▶ _Task input_:
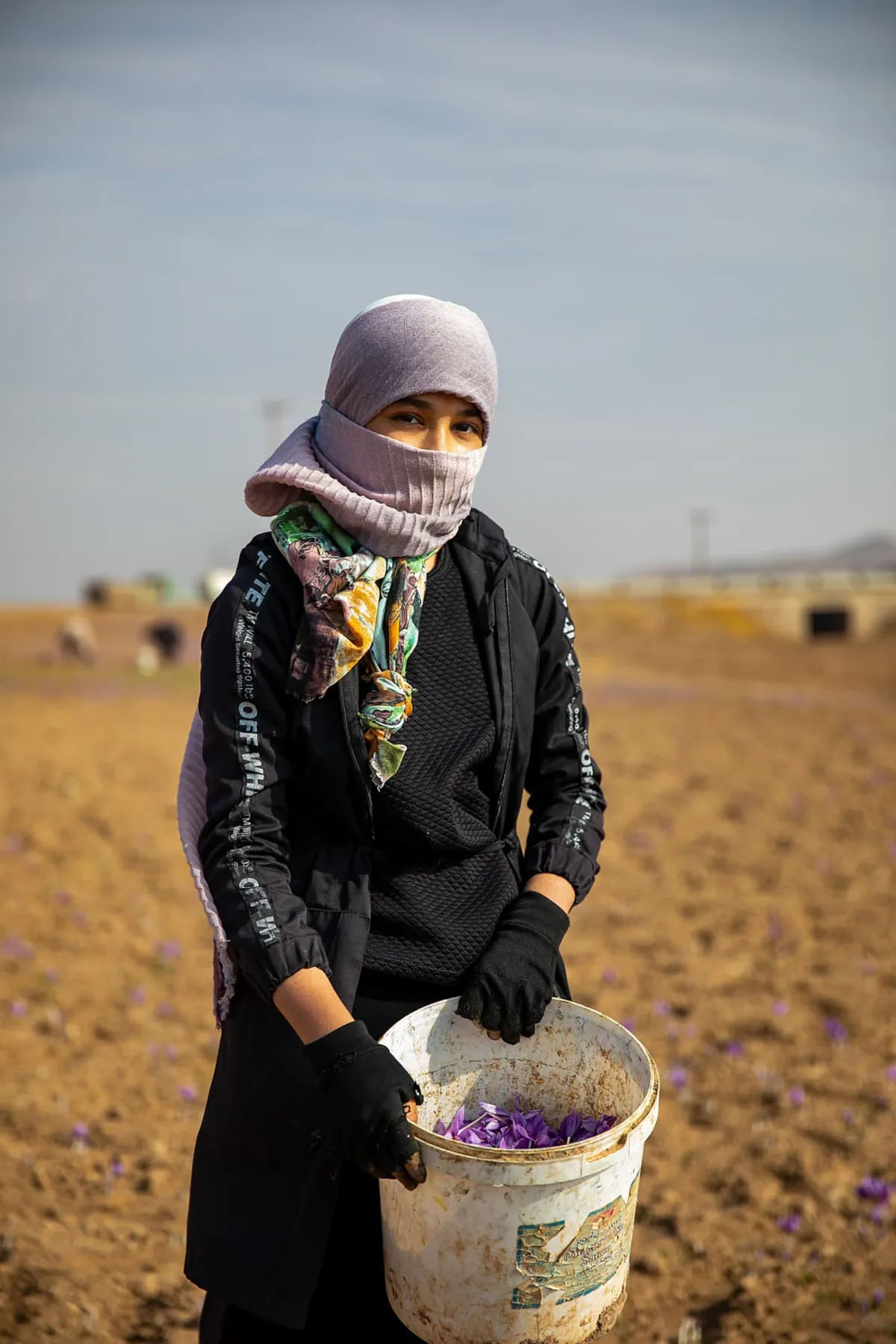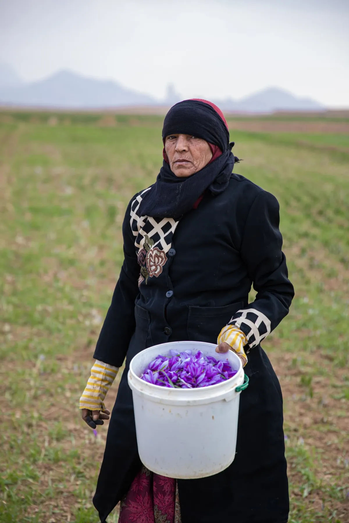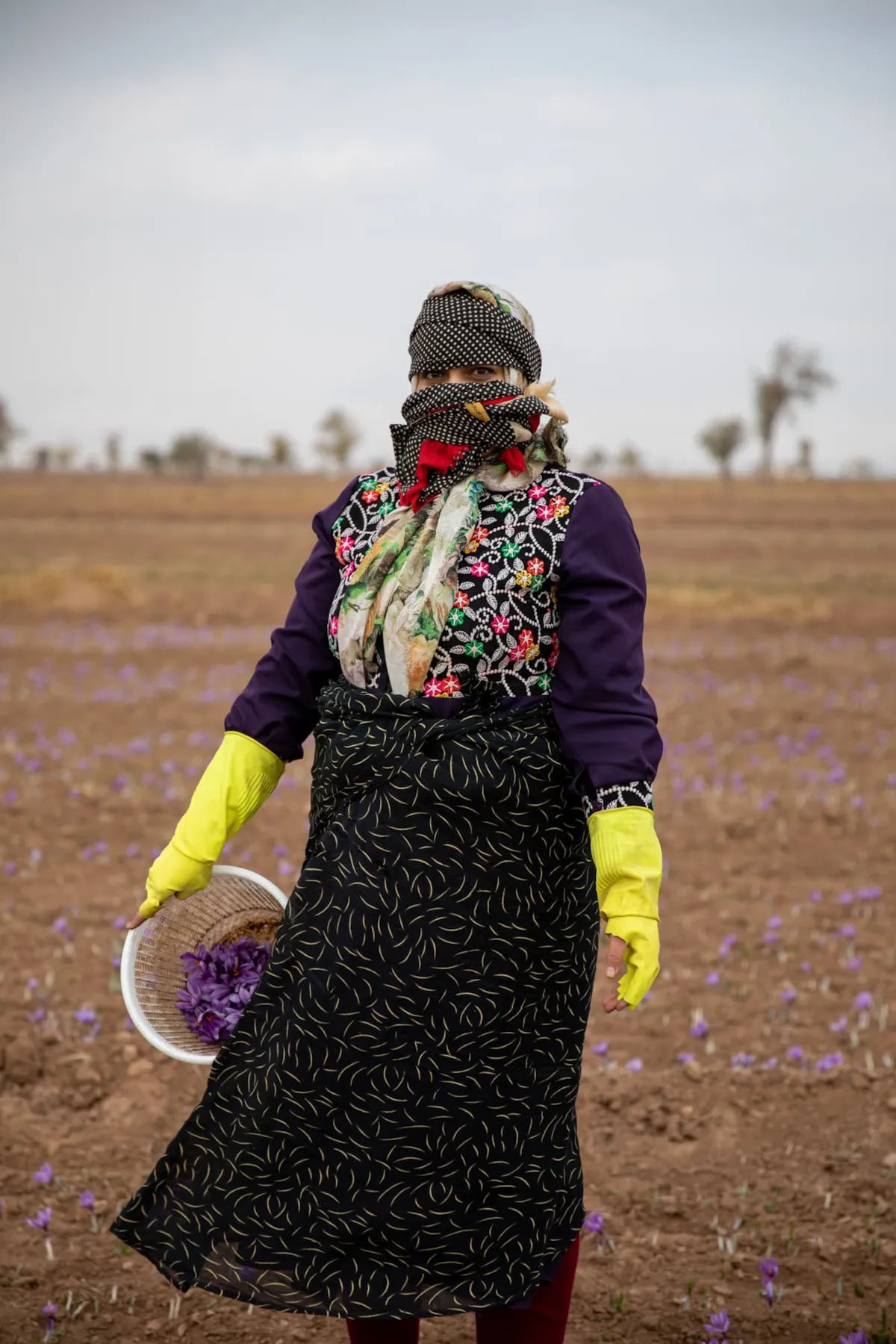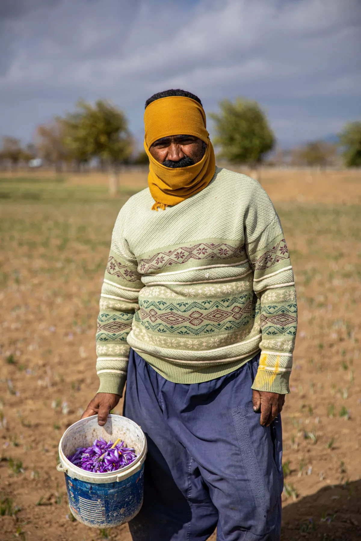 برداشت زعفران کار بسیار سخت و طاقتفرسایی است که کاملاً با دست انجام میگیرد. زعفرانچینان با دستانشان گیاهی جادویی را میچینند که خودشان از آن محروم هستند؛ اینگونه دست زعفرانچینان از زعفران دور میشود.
---
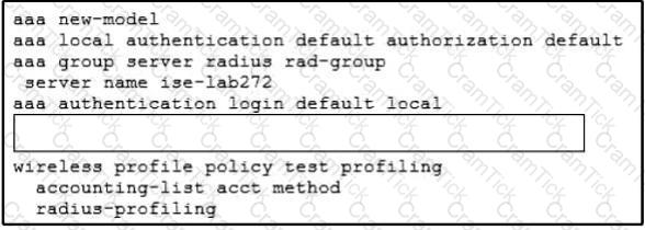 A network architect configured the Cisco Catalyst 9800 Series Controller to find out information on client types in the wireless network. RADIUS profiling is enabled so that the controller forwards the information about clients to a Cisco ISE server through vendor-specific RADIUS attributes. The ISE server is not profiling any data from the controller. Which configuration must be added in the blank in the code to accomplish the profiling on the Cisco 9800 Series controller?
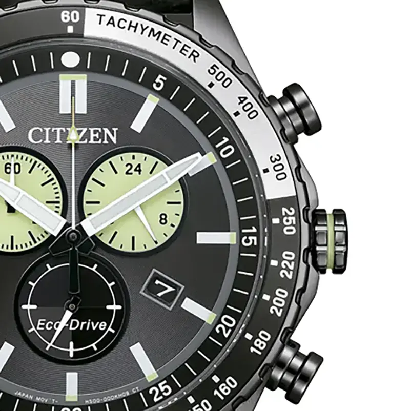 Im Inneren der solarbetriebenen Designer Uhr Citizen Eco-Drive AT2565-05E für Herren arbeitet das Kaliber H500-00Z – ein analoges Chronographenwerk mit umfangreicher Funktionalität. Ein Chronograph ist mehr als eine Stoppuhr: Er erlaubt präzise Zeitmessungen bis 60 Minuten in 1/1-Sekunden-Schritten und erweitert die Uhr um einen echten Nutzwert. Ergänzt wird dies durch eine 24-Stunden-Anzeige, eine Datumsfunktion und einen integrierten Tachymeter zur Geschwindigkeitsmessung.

▶ _The task_:
Copy needed, without pictures: the lines of the listing above from the line containing "A network architect" up to and including the line containing "Im Inneren der", set down exactly.

▶ _Finished task_:
 A network architect configured the Cisco Catalyst 9800 Series Controller to find out information on client types in the wireless network. RADIUS profiling is enabled so that the controller forwards the information about clients to a Cisco ISE server through vendor-specific RADIUS attributes. The ISE server is not profiling any data from the controller. Which configuration must be added in the blank in the code to accomplish the profiling on the Cisco 9800 Series controller?
 Im Inneren der solarbetriebenen Designer Uhr Citizen Eco-Drive AT2565-05E für Herren arbeitet das Kaliber H500-00Z – ein analoges Chronographenwerk mit umfangreicher Funktionalität. Ein Chronograph ist mehr als eine Stoppuhr: Er erlaubt präzise Zeitmessungen bis 60 Minuten in 1/1-Sekunden-Schritten und erweitert die Uhr um einen echten Nutzwert. Ergänzt wird dies durch eine 24-Stunden-Anzeige, eine Datumsfunktion und einen integrierten Tachymeter zur Geschwindigkeitsmessung.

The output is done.